▶ _Available data_
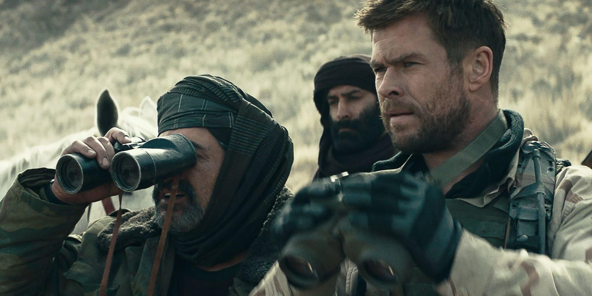 Tampoc millora massa el tractament que 12 Valientes fa dels personatges, i això que el títol posa el focus sobre ells de forma evident. Més enllà de les mostres de complicitat entre ells que inclou el film, és complicat arribar a establir-hi un vincle més o menys rellevant. Només cal recordar un títol com Corazones de Acero per a comprovar que no és tan complicat donar als personatges una personalitat i una dimensió particulars, per molt que la pel·lícula busqui acció bèl·lica sense més. Però a 12 Valientes sembla fer-li mandra aprofitar-ho per a treure una mica més de suc a allò que passa, o almenys per a implicar-nos amb els protagonistes. I això que Chris Hemsworth i Michael Shannon sempre asseguren una presència especial. Resulta un tant irònic que el personatge que més es fa escoltar sigui el del General Dostum, líder de l’Aliança del Nord afgana i aliat del grup de nord-americans.
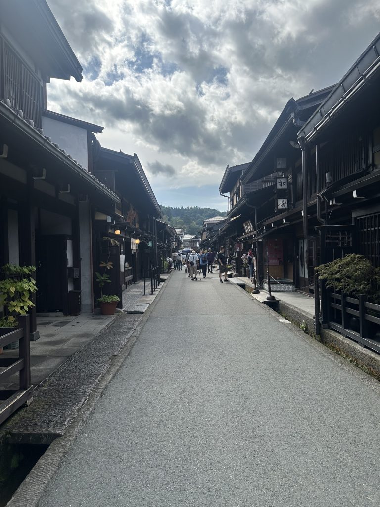 木造の町家が並ぶ通りには、味噌や漬物、ソフトクリームなどのお店、飛騨の民芸品を扱う店が立ち並んでいました。
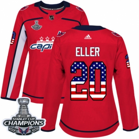 Women's Adidas Washington Capitals #20 Lars Eller Authentic Red USA Flag Fashion 2018 Stanley Cup Final Champions NHL Jersey
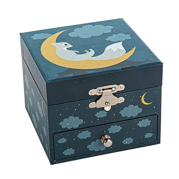 Lorsqu’il est chargé de lumière, ce coffret musical brille dans la nuit. Une petite lumière rassurante dans le secret de la chambre qui s'endort.
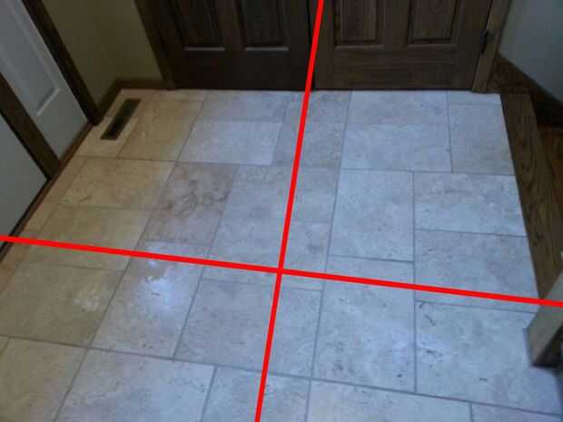 Aquí es donde realmente empezamos trapeado. Para esto vas a querer sumergir la fregona en el cubo y luego mientras se mantiene la cabeza de la fregona en el cubo escúrralo. Sacar hacia fuera cuánto va a tomar un poco de ensayo y error. Que desea obtener para que después de ejecutar la fregona por el suelo, el piso parece húmedo, pero no hay ningún charcos de agua. Mentalmente dividir su piso en secciones de aproximadamente 5 pies por 5 pies inicio con el más alejado de la entrada a la sala. Por ejemplo, en la imagen de arriba la planta se divide en cuatro secciones y probablemente le gustaría comenzar con la parte superior izquierda uno. Si usted está usando un trapeador de esponja tienes que cubrir la zona haciendo pasadas rectas como lo haría si se aspirar. Si está utilizando una fregona banda o cadena, a continuación, usted querrá usar un movimiento circular como si se hiela un pastel.
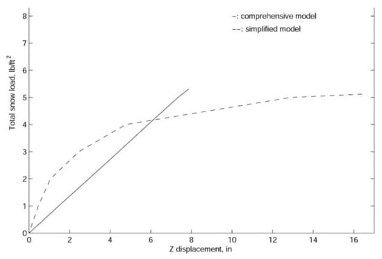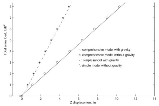 According to Figure 7, the linear responses of the two sets of models are very different. However, in both models, gravitational load (shelter self-weight) can be ignored. It is interesting to note that for the comprehensive model, due to the assemblage stress, the initial shelter displacement is in the opposite direction of the gravitational force, and just as for the simplified model, the gravity will slightly increase the downward displacements. It is also shown in Figure 6 that the comprehensive model is much more flexible than the simplified model, which confirms the fact that the simplification of scissor points and hubs will in fact make the model stronger than the actual structure.
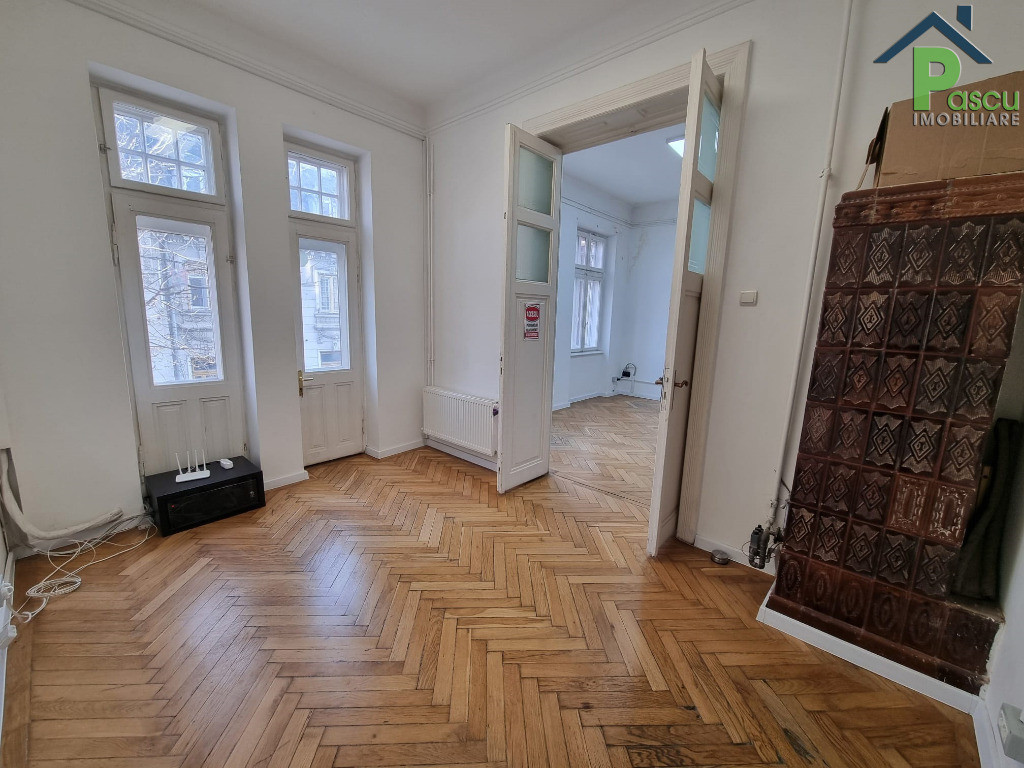 Exclusivitate PASCU Imobiliare! Blocul are o pozitionare excelenta pe strada Franklin adiacent din Calea Victoriei si bulevardul Magheru. Spatiul este situat la etajul 2, are o suprafata 80 metri patrati utili, compus din 5 camere cu intrari separate, o bucatarie mobilata si doua grupuri sanitare. De asemenea, spatiul se remarca si prin inaltimea camerelor de 3 metri. Apartamentul este ideal pentru activitati de birouri si sedii. Imobilul se afla in imediata apropiere fata de multiple mijloace de transport in comun, centre universitare, cladiri de birouri si multiple alte puncte de interes. Apartamentul dispune de centrala termica proprie, instalatii sanitare noi, din tevi PPR, calorifere din panouri de otel, aparate de aer conditionat in toate cele 5 camere. Bloc consolidat si anvelopat dupa cutremurul din 1977, stare tehnica foarte buna. Blocul este incadrat in U2 ca, clădiri care nu se vor prăbuși la un cutremur de intensitate ridicată. Imobilul este liber, disponibil imediat! Pentru mai multe detalii si stabilirea unei vizionari, accesati pascuimobiliare.ro!

▶ _Task description_
Please output the listing above in full, exactly as given, without its images.

▶ _Exercise solution_
 Tampoc millora massa el tractament que 12 Valientes fa dels personatges, i això que el títol posa el focus sobre ells de forma evident. Més enllà de les mostres de complicitat entre ells que inclou el film, és complicat arribar a establir-hi un vincle més o menys rellevant. Només cal recordar un títol com Corazones de Acero per a comprovar que no és tan complicat donar als personatges una personalitat i una dimensió particulars, per molt que la pel·lícula busqui acció bèl·lica sense més. Però a 12 Valientes sembla fer-li mandra aprofitar-ho per a treure una mica més de suc a allò que passa, o almenys per a implicar-nos amb els protagonistes. I això que Chris Hemsworth i Michael Shannon sempre asseguren una presència especial. Resulta un tant irònic que el personatge que més es fa escoltar sigui el del General Dostum, líder de l’Aliança del Nord afgana i aliat del grup de nord-americans.
 木造の町家が並ぶ通りには、味噌や漬物、ソフトクリームなどのお店、飛騨の民芸品を扱う店が立ち並んでいました。
 Women's Adidas Washington Capitals #20 Lars Eller Authentic Red USA Flag Fashion 2018 Stanley Cup Final Champions NHL Jersey
 Lorsqu’il est chargé de lumière, ce coffret musical brille dans la nuit. Une petite lumière rassurante dans le secret de la chambre qui s'endort.
 Aquí es donde realmente empezamos trapeado. Para esto vas a querer sumergir la fregona en el cubo y luego mientras se mantiene la cabeza de la fregona en el cubo escúrralo. Sacar hacia fuera cuánto va a tomar un poco de ensayo y error. Que desea obtener para que después de ejecutar la fregona por el suelo, el piso parece húmedo, pero no hay ningún charcos de agua. Mentalmente dividir su piso en secciones de aproximadamente 5 pies por 5 pies inicio con el más alejado de la entrada a la sala. Por ejemplo, en la imagen de arriba la planta se divide en cuatro secciones y probablemente le gustaría comenzar con la parte superior izquierda uno. Si usted está usando un trapeador de esponja tienes que cubrir la zona haciendo pasadas rectas como lo haría si se aspirar. Si está utilizando una fregona banda o cadena, a continuación, usted querrá usar un movimiento circular como si se hiela un pastel.
 According to Figure 7, the linear responses of the two sets of models are very different. However, in both models, gravitational load (shelter self-weight) can be ignored. It is interesting to note that for the comprehensive model, due to the assemblage stress, the initial shelter displacement is in the opposite direction of the gravitational force, and just as for the simplified model, the gravity will slightly increase the downward displacements. It is also shown in Figure 6 that the comprehensive model is much more flexible than the simplified model, which confirms the fact that the simplification of scissor points and hubs will in fact make the model stronger than the actual structure.
 Exclusivitate PASCU Imobiliare! Blocul are o pozitionare excelenta pe strada Franklin adiacent din Calea Victoriei si bulevardul Magheru. Spatiul este situat la etajul 2, are o suprafata 80 metri patrati utili, compus din 5 camere cu intrari separate, o bucatarie mobilata si doua grupuri sanitare. De asemenea, spatiul se remarca si prin inaltimea camerelor de 3 metri. Apartamentul este ideal pentru activitati de birouri si sedii. Imobilul se afla in imediata apropiere fata de multiple mijloace de transport in comun, centre universitare, cladiri de birouri si multiple alte puncte de interes. Apartamentul dispune de centrala termica proprie, instalatii sanitare noi, din tevi PPR, calorifere din panouri de otel, aparate de aer conditionat in toate cele 5 camere. Bloc consolidat si anvelopat dupa cutremurul din 1977, stare tehnica foarte buna. Blocul este incadrat in U2 ca, clădiri care nu se vor prăbuși la un cutremur de intensitate ridicată. Imobilul este liber, disponibil imediat! Pentru mai multe detalii si stabilirea unei vizionari, accesati pascuimobiliare.ro!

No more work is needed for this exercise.